Introducing linked list

Linked lists are a fundamental data structure in computer science. They are often used to represent a sequence of elements, where each element is linked to the next one. In this post, we'll introduce linked lists and explore some algorithm questions related to them.

cat that is stepping on a chain

What is a Linked List?

A linked list is a data structure that comprises a sequence of nodes, where each node contains a data element and a reference (or "link") to the next node in the sequence. The first node in the sequence is known as the "head" of the linked list, and the last node is known as the "tail". Here's a simple example of a linked list:

Head -> Node1 -> Node2 -> Node3 -> Tail

In this example, each node contains a data element (e.g., a number or a string) and a reference to the next node in the sequence. The "head" node contains the first element in the list, and the "tail" node is the last element in the list.

class Node {
  val: number
  next: ListNode | null
  constructor(val?: number, next?: ListNode | null) {
    this.val = val === undefined ? 0 : val
    this.next = next === undefined ? null : next
  }
}

One of the main benefits of linked lists is that they can be easily modified by changing the links between nodes. For example, we can insert a new node into a linked list by creating a new node, setting its reference to the next node, and updating the reference of the previous node to point to the new node. Similarly, we can delete a node from a linked list by updating the reference of the previous node to point to the next node (and optionally freeing the memory used by the deleted node).

Algorithm Questions

Now that we have introduced linked lists, let's explore some algorithm questions related to them. In particular, we'll examine three questions: reversing a linked list, finding the middle node of a linked list, and detecting a cycle in a linked list.

Reversing a Linked List

One common question regarding linked lists is how to reverse a linked list. In other words, given a linked list, how can we reverse the order of its nodes? Here's an example:

Input: Head -> Node1 -> Node2 -> Node3 -> Tail
Output: Tail -> Node3 -> Node2 -> Node1 -> Head

There are several ways to solve this problem, but one common approach is to use a "three-pointer" technique. Here's how it works:

Initialise three pointers: prev (initialised to null), curr (initialised to the head of the linked list), and next (initialised to the second node in the linked list).
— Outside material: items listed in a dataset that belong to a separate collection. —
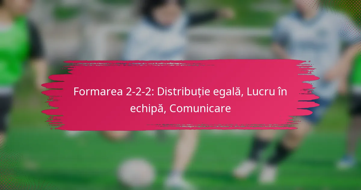 Formația 2-2-2 este o abordare strategică care pune accent pe distribuția egală a rolurilor, colaborare și comunicare eficientă. Acest model este aplicabil în diverse domenii, inclusiv sporturi, afaceri și educație, îmbunătățind colaborarea și eficiența.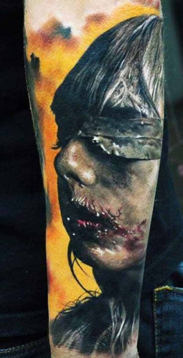 手臂毛骨悚然的血腥僵尸女性纹身图案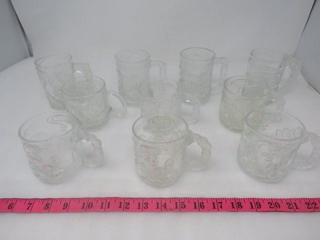 LOT OF 10 MCDONALDS COLLECTOR MUGS (BATMAN, TWO-FACE, ETC) *GLASS*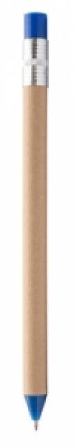 Recycled paper, pencil shaped ballpoint pen with coloured plastic tip and button. With blue refill.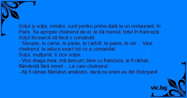 Soţul şi soţia, români, sunt pentru prima dată la un restaurant, în Paris. Se apropie chelnerul de ei, le dă meniul, totul în franceză.

While curr is not null, do the following:

  1. Set next to the next node in the linked list.
  2. Set the next reference of curr to prev.
  3. Set prev to curr.
  4. Set curr to next.

Set the head of the linked list to prev.

Here's the JavaScript code that implements this algorithm:

function reverseLinkedList(head) {
  let prev = null
  let curr = head
  while (curr !== null) {
    let next = curr.next
    curr.next = prev
    prev = curr
    curr = next
  }
  return prev
}

This algorithm has a time complexity of O(n), where n is the length of the linked list (since we need to visit each node once), and a space complexity of O(1) (since we only need to use a constant amount of extra space).

Finding the Middle Node

Given a linked list, we can find its middle node by using the "slow-fast" pointer technique. The idea is to use two pointers: a "slow" pointer that moves one node at a time, and a "fast" pointer that moves two nodes at a time. When the fast pointer reaches the end of the list (i.e., its next node is null), the slow pointer will be pointing to the middle node (or the node just before the middle node if the length of the list is even). Here's an example:

Input: Head -> Node1 -> Node2 -> Node3 -> Node4 -> Tail
Output: Node3

Here's the JavaScript code that implements this algorithm:

function findMiddleNode(head) {
  let slow = head
  let fast = head
  while (fast !== null && fast.next !== null) {
    slow = slow.next
    fast = fast.next.next
  }
  return slow
}

This algorithm has a time complexity of O(n), where n is the length of the linked list (since we need to visit each node once), and a space complexity of O(1) (since we only need to use a constant amount of extra space).

Detecting a Cycle

Finally, another common question involving linked lists is how to detect whether a linked list contains a cycle (i.e., a loop where a node points to a previous node in the list). Here's an example:

Input: Head -> Node1 -> Node2 -> Node3 -> Node4 -> Node2
Output: true

To detect a cycle in a linked list, we can use the "slow-fast" pointer technique again. We start by initialising two pointers: a "slow" pointer that moves one node at a time, and a "fast" pointer that moves two nodes at a time. If there is a cycle in the list, the fast pointer will eventually "catch up" to the slow pointer (since it is moving twice as fast). If there is no cycle, the fast pointer will reach the end of the list (i.e., its next node is null) and we can return false.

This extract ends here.